Per-episode signals, all computed in one pass: jerk smoothness, idle ratio,
gripper chatter, duration outliers, action saturation, exact duplicates.
This is deliberately the *cheap first pass* — the smoothness-first approach
the 2026 curation literature (rinse, Demo-SCORE, QoQ) argues should precede
expensive policy-rollout or influence-function filtering. Scores put the worst
episodes in front of a human in seconds; **review before you delete**.
Statistical flags carry practical-significance guards, so homogeneous datasets
don't self-flag.

## Repair contract

`robovet fix` is **dry-run by default**. With `--apply` it rewrites only
metadata (episode lengths, normalization stats, info.json counters), backs up
every touched file as `.bak`, never modifies parquet or video payloads, and
**preserves everything it doesn't understand**: quantile keys (q01/q99 — the
v3 QUANTILES-normalization era), image-stat blocks, and unknown episode fields
such as tags. A repair tool must never be the thing that deletes your data;
the test suite enforces these guarantees.
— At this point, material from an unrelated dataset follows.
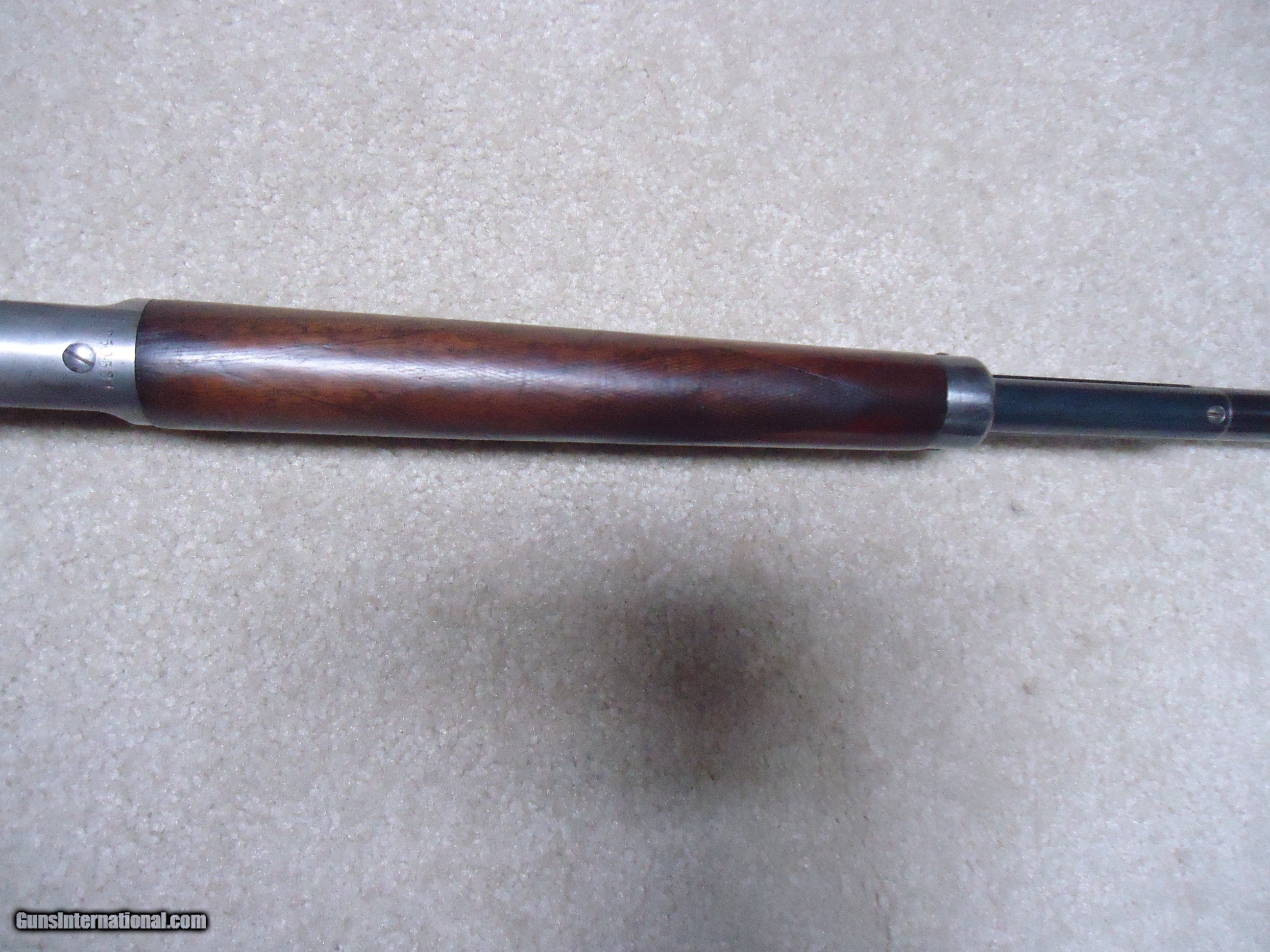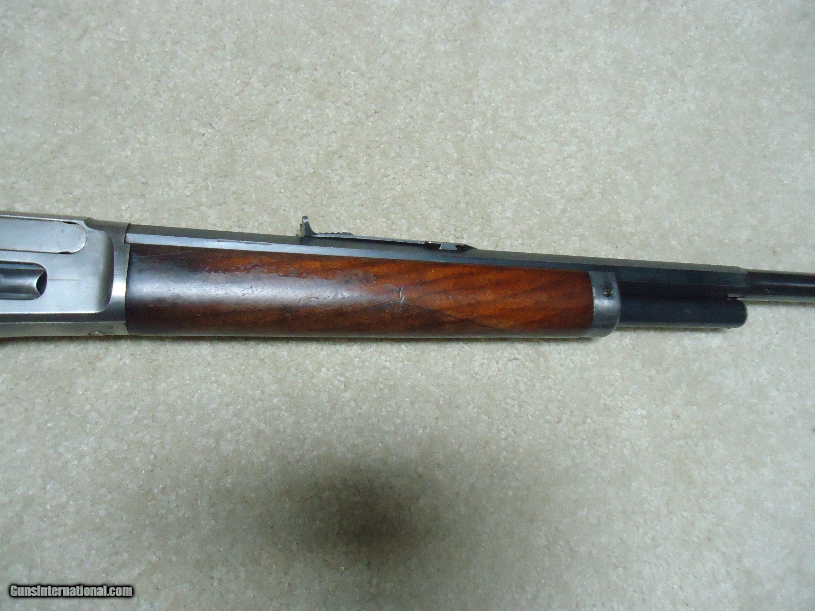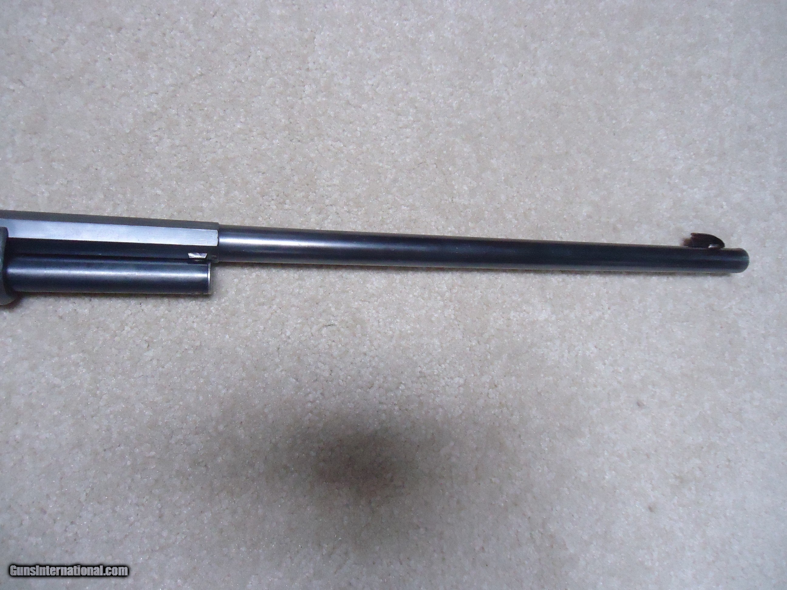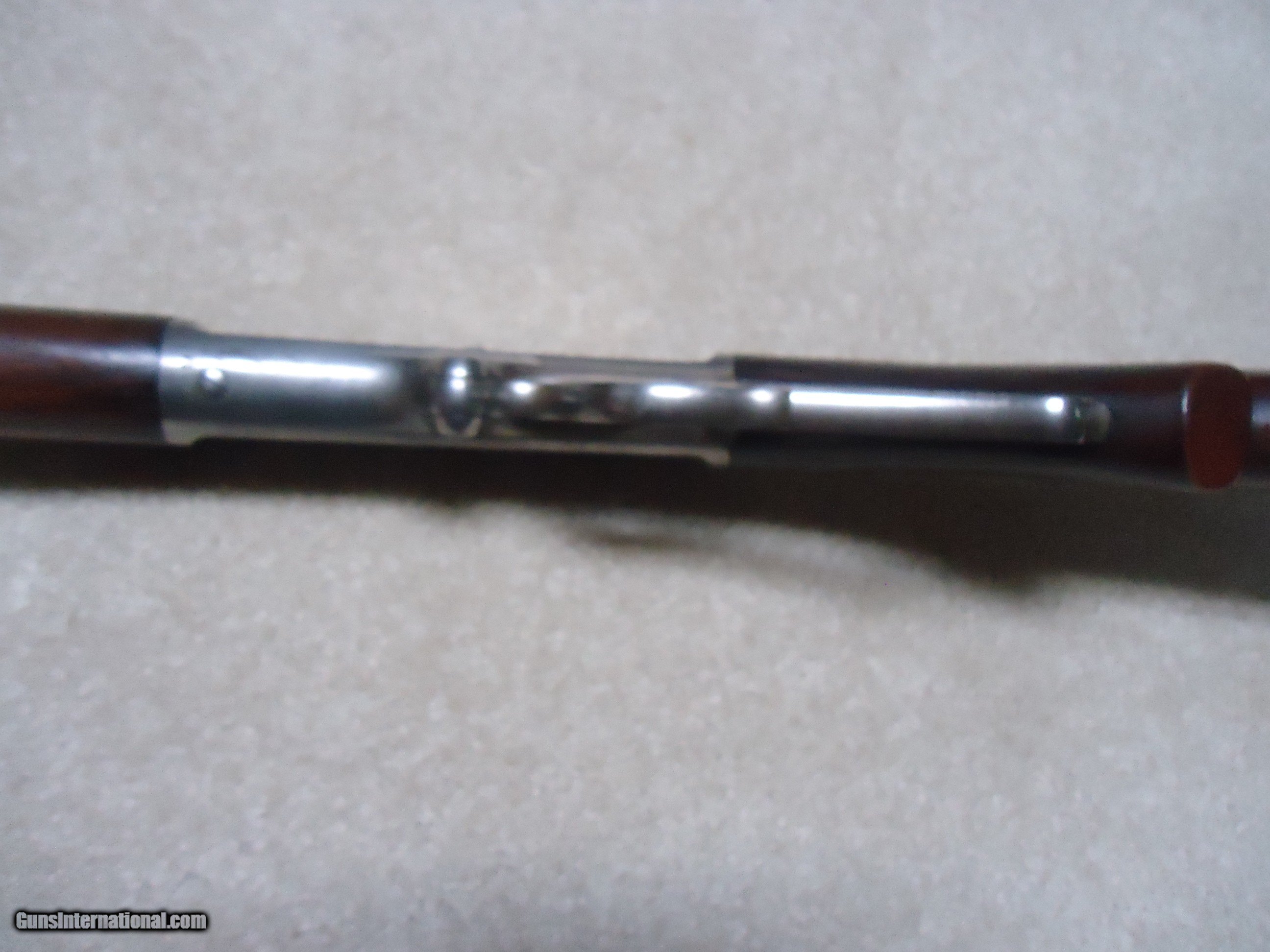 Description: A SUPER SCARCE MODEL 1893-B .32-40 CALIBER "FOR BLACK POWDER" MARKED BARREL WITH HALF-OCT. BARREL, HALF MAGAZINE, PISTOL GRIP AND CHECKERED WITH CASE COLORED RECEIVER, #250XXX, MADE 1902. There is a lot of misinformation out there about these Black Powder marked 1893s. Simply, Marlin had barrels made of high grade "soft" steel that was better suited to lead bullets instead of high velocity jacketed bullets. Barrels marked "Special Smokeless Steel" were made for jacketed bullets- similar to Winchester's "Nickel Steel" barrels made for the same purpose. The actions of "B" rifles and carbines were the same as the "Smokeless" rifles. It is certainly safe to fire jacketed bullets in the "B" rifles, but the barrels will wear faster than the smokeless barrels. "B" black powder rifles were only made in .32-40 and .38-55. Typically, they cost less than smokeless guns and were made in far fewer numbers. At the time, most .32-40 and .38-55 ammo was loaded with lead bullets with either black or smokeless powder. The "B" series were typically standard round or octagon barrel rifles with full magazines and BLUED receivers. Anything other than this is really rare and could be considered a true Marlin oddity. This example with checkering, pistol grip, half-oct. barrel and half-mag. with CASE HARDENED/CASE COLORED receiver is truly unusual. The receiver colors have mostly silvered with some color in the most protected areas around the edges of the receiver sides and around the hammer. The barrel and mag blue is stll deep and fine. The wood shows normal handling but is fine with tight wood to metal fit.The checkering on the pistol grip is all there, but a bit worn. The forearm checkering is mostly visible, but worn from handling. All markings are sharp and clear. The barrel is fitted with the original buckhorn rear sight with elevation bar intact and a Marble/Sheard marked long blade/bead front sight. The bore is bright and excellent. Screw heads are excellent, action is tight and the half-cock on the hammer is strong. You could look for years and never find another like this! SOLD Rifle Caliber: .32-40 Winchester Manufacturer: MARLIN Model: 1893-"B Serial Number: 250XXX Barrel Length: 26" HALF OCTAGON Condition: FINE Bore Condition: EXCELLENT |

Frame surgery
(tail-trimming desynced episodes, timestamp re-gridding) is on the
[roadmap](https://github.com/RonaldSit/robovet/blob/main/ROADMAP.md) under the same contract.

## Scope, honestly

- **LeRobot v2.0 / v2.1 and v3.x are both first-class for diagnosis** — each
  has its own synthetic fixture and test suite, and v3 gets per-episode video
  alignment inside shared files (`VIDEO-405`) plus per-episode stats checks
  parsed from the v3 metadata. `fix` currently rewrites v2.x episode metadata
  and global stats; v3 per-episode stats regeneration is on the roadmap.
- robovet does **not** merge/split/delete episodes — `lerobot` ships that
  natively now. We do what the official stack doesn't: deep validation,
  metadata repair, and quality triage.
- Local-first by design. Your data never leaves your disk — deployment-specific
  data is a competitive asset; treat it like one.

## Library use

```python
from robovet import load_dataset, run_doctor, score_dataset

ds = load_dataset("./my_dataset")
rep = run_doctor(ds)          # rep.exit_code, rep.results, rep.counts
sc  = score_dataset(ds, scan=rep.scan)   # reuses the same single IO pass
```

Apache-2.0. Issues and broken-dataset war stories very welcome — if your
dataset breaks in a way robovet doesn't catch, that's a bug report we want.